Here's a funny thing: I'm not interested in sweets or high-carb foods. I suspect it's because I'm not eating them, so there's no craving to trigger. In fact, I can taste hidden sugars in restaurant foods now -- and I don't like them.

That doesn't mean I'm eating bland meals. Here's my dinner tonight: ham and provolone with brown mustard on almond-flour rolls, broccoli slaw, and a dill pickle spear. 

Lynne Cantwell 2022
The key is to include lots of veggies and make most of your food from scratch. But I'm not a kitchen slave; the broccoli slaw dressing has five ingredients and whipped up in about two minutes, and the slaw itself came in a bag from Trader Joe's.

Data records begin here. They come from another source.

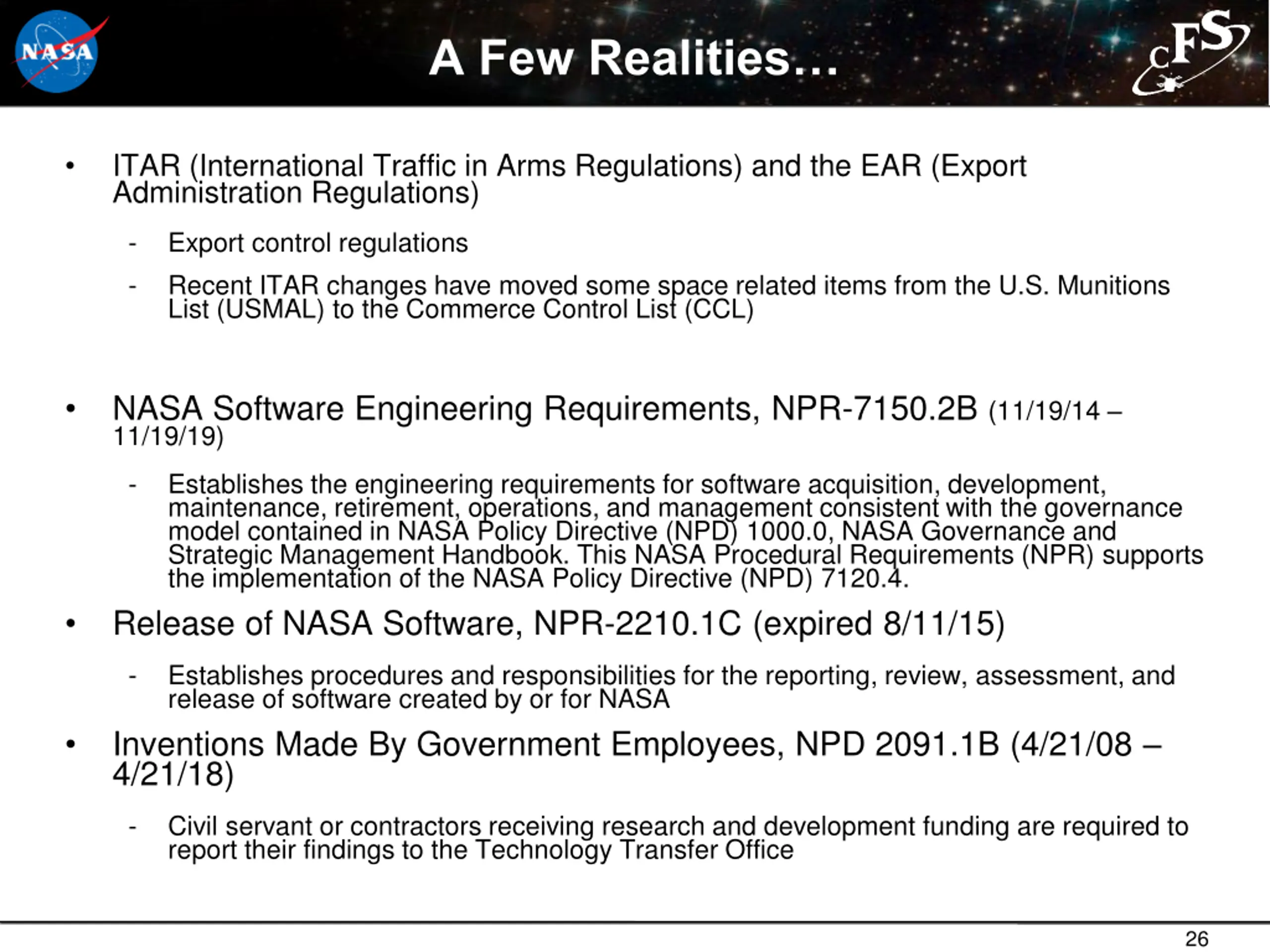 A Few Realities ITAR (International Traffic in Arms Regulations) and the EAR (Export Administration Regulations) - - Export control regulations Recent ITAR changes have moved some space related items from the U.S. Munitions List (USMAL) to the Commerce Control List (CCL) NASA Software Engineering Requirements, NPR-7150.2B (11/19/14 11/19/19) Establishes the engineering requirements for software acquisition, development, maintenance, retirement, operations, and management consistent with the governance model contained in NASA Policy Directive (NPD) 1000.0, NASA Governance and Strategic Management Handbook. This NASA Procedural Requirements (NPR) supports the implementation of the NASA Policy Directive (NPD) 7120.4. Release of NASA Software, NPR-2210.1C (expired 8/11/15) - Establishes procedures and responsibilities for the reporting, review, assessment, and release of software created by or for NASA Inventions Made By Government Employees, NPD 2091.1B (4/21/08 4/21/18) - - Civil servant or contractors receiving research and development funding are required to report their findings to the Technology Transfer Office 26
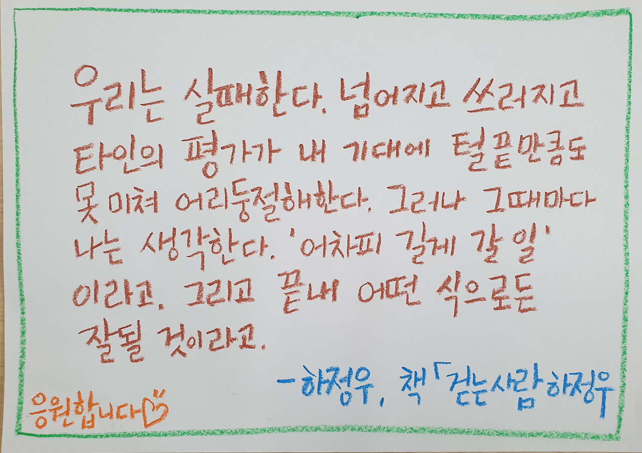 이번 주에는 자녀들의 수능을 앞둔 선생님들께 응원의 선물을 제공하자는 친목회장님의 지시를 받았다. 언컨택트 시대에 맞게 카카오톡 선물하기 기능을 사용하기로 했는데, 선물만 띡 보내기엔 너무 삭막했다. 아날로그 감성에 늘 푹푹 젖어있는 나는 그래도 짧은 메세지라도 전달해야 되겠다 싶어 도화지와 크레파스를 셋팅했고 핸드폰 사진첩 폴더에 소중하게 품고 다니는 주옥같은 멘트들 중 하나를 골라 쓱쓱 써내려갔다.
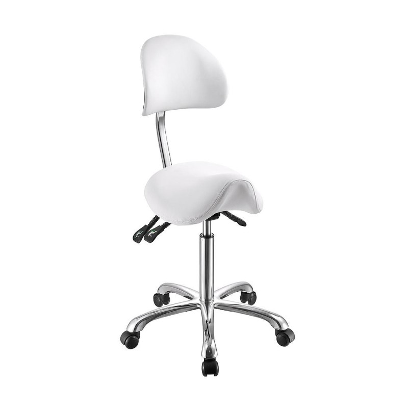 Hoker kosmetyczny w kształcie siodła NOBLE to doskonałe rozwiązanie dla profesjonalistów z branży kosmetycznej, fryzjerskiej oraz medycznej, którzy cenią sobie wygodę, funkcjonalność i nowoczesny design w swoim miejscu pracy.
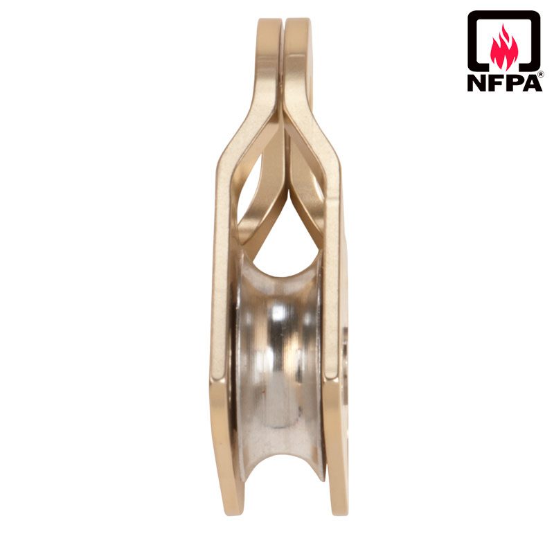 Poleas simple de placas laterales oscilantes. Sirve para cualquiera que necesite algo ligero y de bastante resistencia como para el rescate en montaña, trabajos verticales, etc. El conjunto de eje unico lateral, permite una placa lateral lisa y que no se topa con la superficie. Se utiliza con cuerdas de 11mm como máximo.
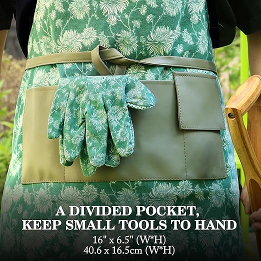 - ELEGANT COTTON APRON -- the apron is in a generous size 28" X 25" (H*W). It features adjustable neck strap and extra-long waist straps(28’’ each side) that can be wrapped round and tied up at the front for a snug fit. Additionally, there's a handy divided pocket sized 16" x 6.5" (W*H) to keep small tools to hand. If you have any questions or need assistance, please don't hesitate to contact us. We are always here to help.
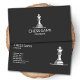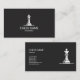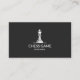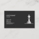 A minimalist business card featuring a stylised chess piece, specifically a white king, with details highlighting its crown and regal posture, conveying a sense of sophistication and strategic thinking. It could be used by a chess master, a creator or store of board games, strategy or role-playing game, corporate identity, etc.
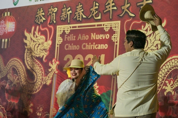 2月17日,在巴拿馬奇里基省首府戴維市,兩名身穿巴拿馬民族服飾的舞者在奇里基春節(jié)慶祝活動(dòng)上表演。新華社記者陳昊佺攝
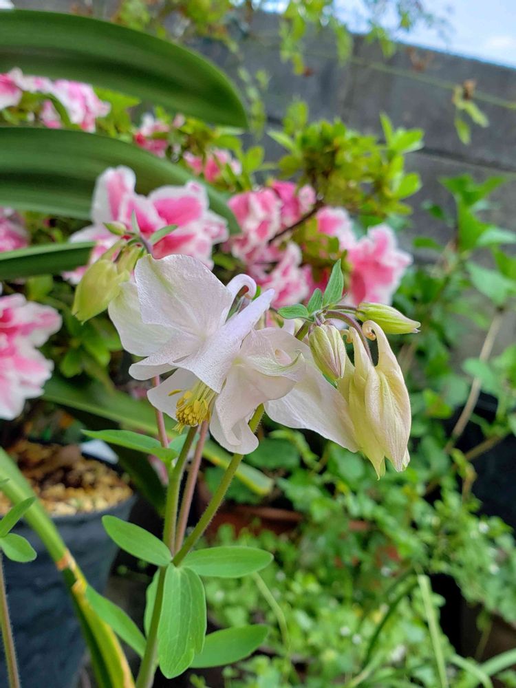 庭のあっちこっちでにょきにょき出てきたオダマキ。
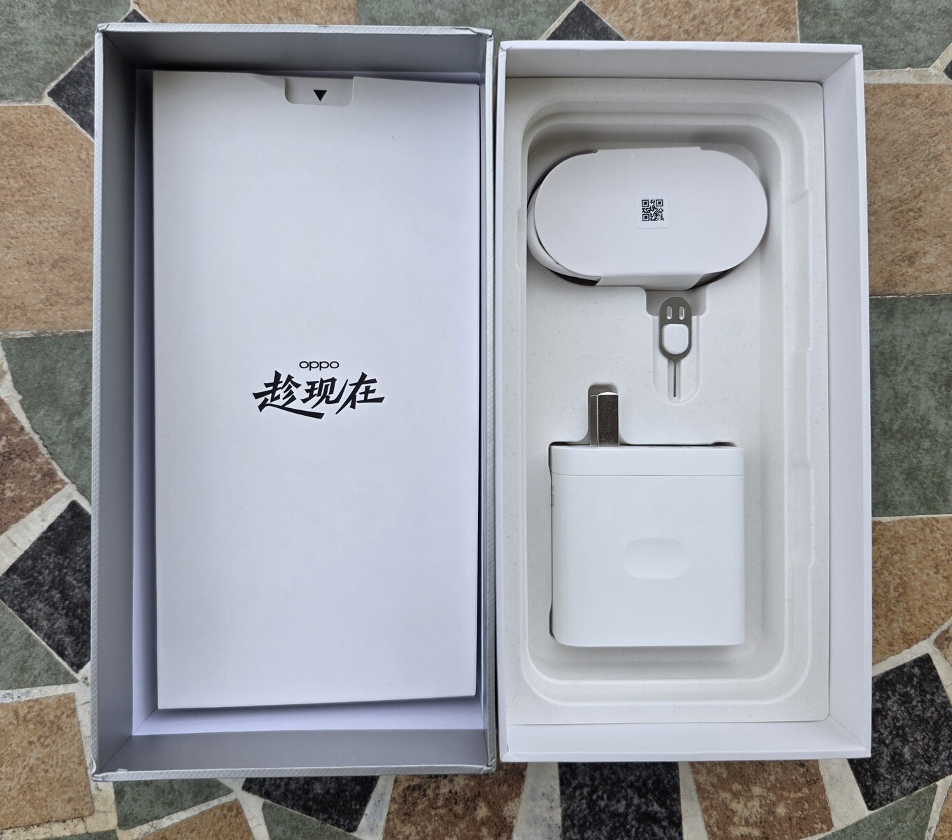Redan innan uppackningen märks det att lådan är mycket stor enligt dagens standard. Detta beror på snabbladdaren, som endast ingår i den kinesiska modellen av Find X9 Pro. Köpare av den internationella modellen måste använda en separat laddare.
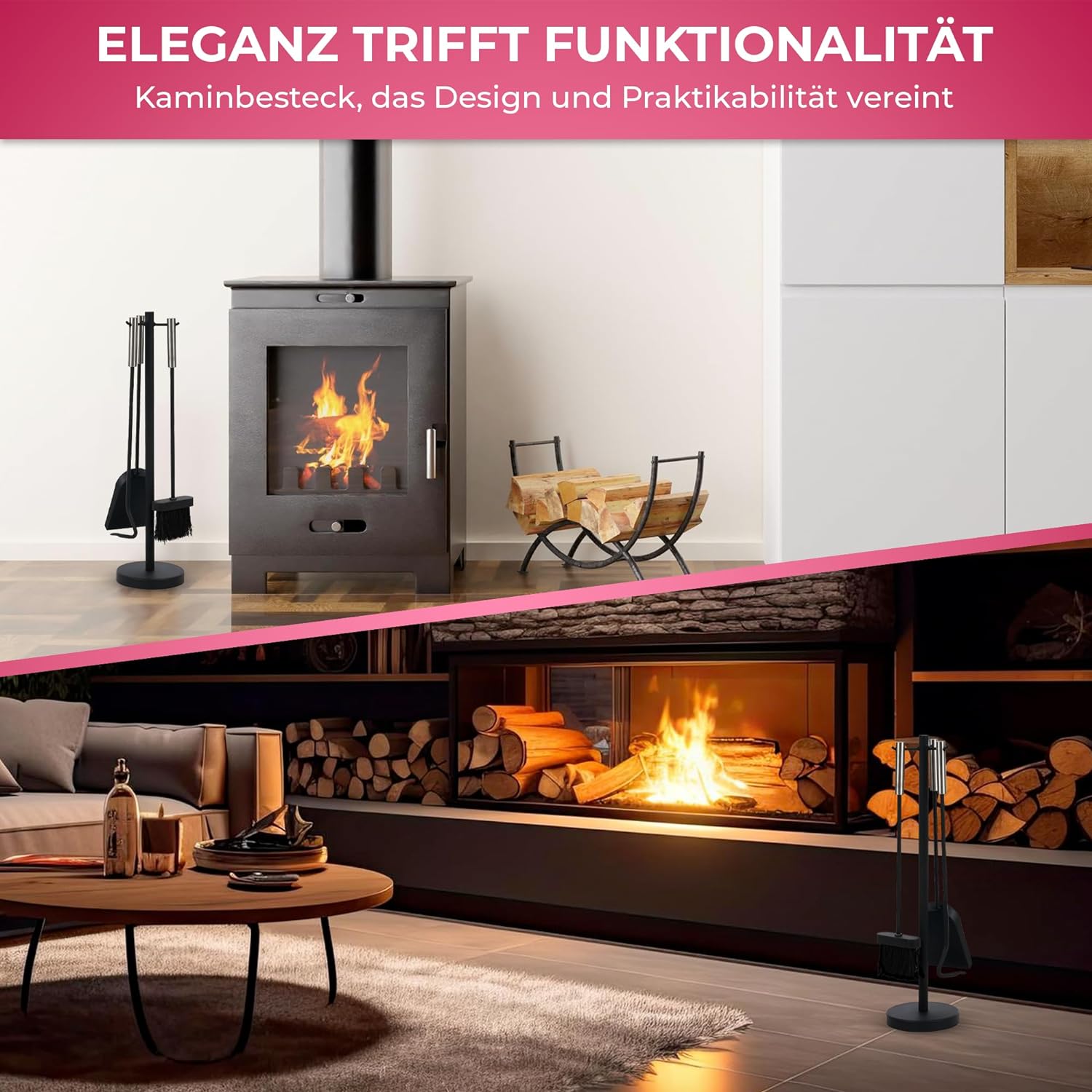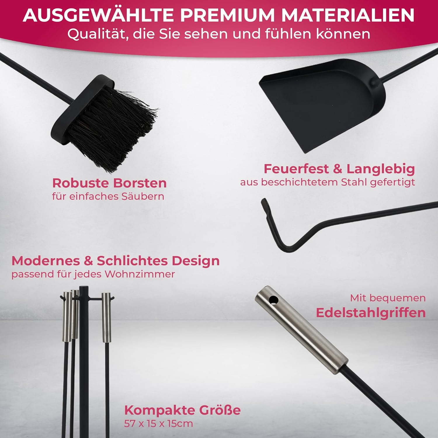 - 🔥FEUERFEST UND BESONDERS LANGLEBIG | Kaminbesteck kann am Ständer leicht eingehangen werden!
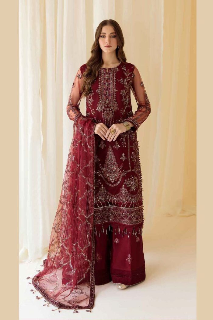 Home Unstitched ALIZEH ALIZEH Rang e Mahr Embroidered Net Maroon – V14D08
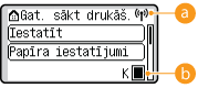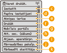 Izmantojot šo pogu, var piekļūt daudziem iekārtas iestatījumiem, piemēram, <Funkciju iestatījumi> un <Preferences>.
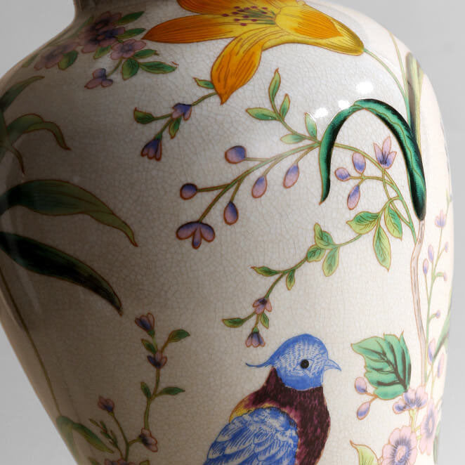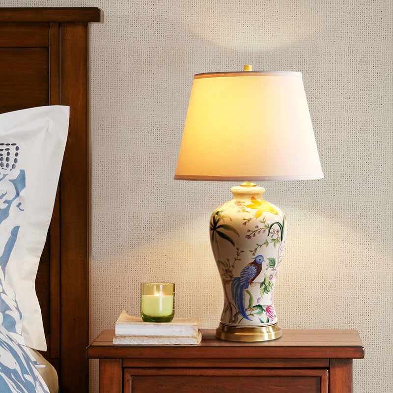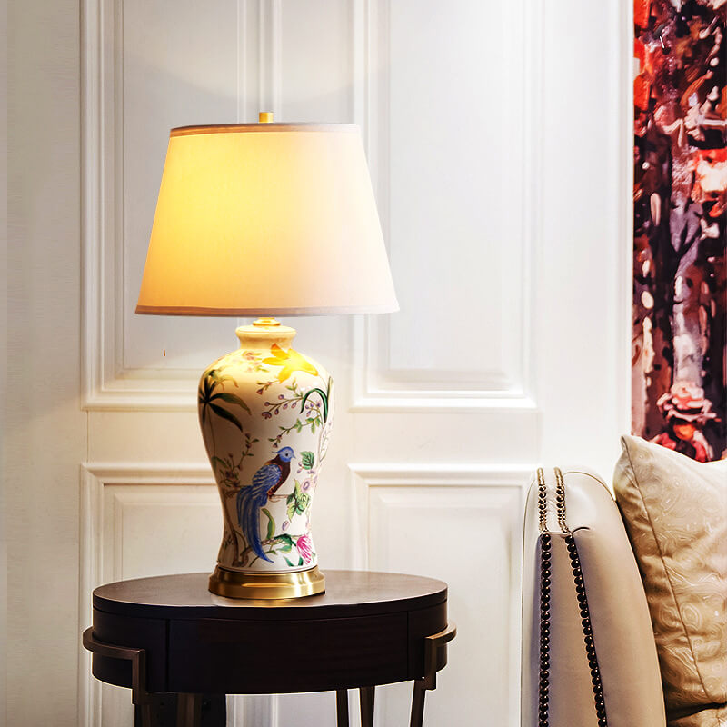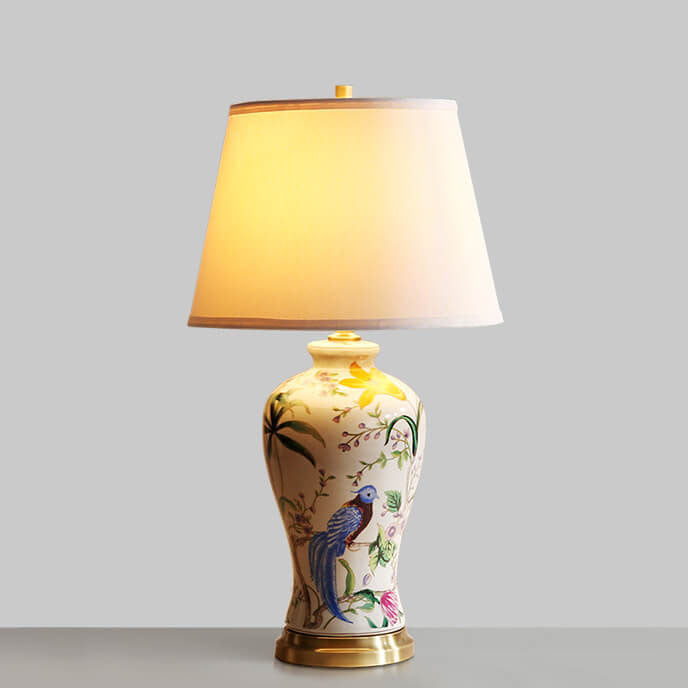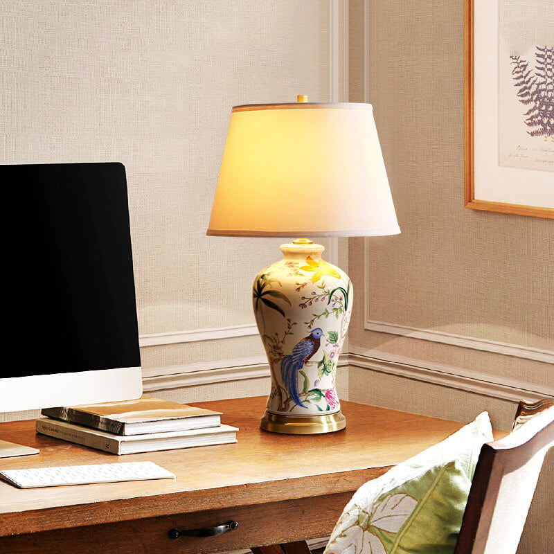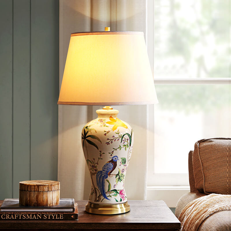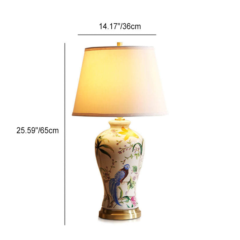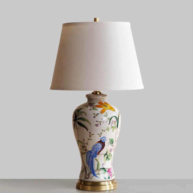 Traditional Chinese Bird & Flower Painted Ceramic Base Fabric Shade 1-Light Table Lamp For Home Office

I'm not saying this will work for everybody. But it makes sense that if eating carbs raises your blood sugar, not eating them will lower it. And I've never had a doctor, or a diabetes educator, or a dietitian flat-out tell me that. I had to find out on my own. 

So now I've told you.

***

These moments of non-dieting blogginess have been brought to you, as a public service, by Lynne Cantwell. Get vaxxed! Wear a mask!

2 comments:

Suzanne Given said...

Not a dieter, never been good at self-deprivation or discipline but I love good healthy recipe ideas. Thanks for sharing ♥️

Lynne Cantwell said...

You're welcome!

In another blog post (the link is in this article), I talked about a WWII-era study that was supposed to find out how best to help starving refugees recover. The test subjects had to be starved first, of course. Guess how many calories they were allowed? 1,600 calories per day. That was considered to be semi-starvation rations then, but it's *less* than the 1,200 to 1,500 calories per day that doctors recommend for dieters now. And the test subjects exhibited all sorts of mental and physical side effects: sexual dysfunction, anxiety, depression, body dysmorphia. Just like chronic dieters do now. Our diet culture is insane.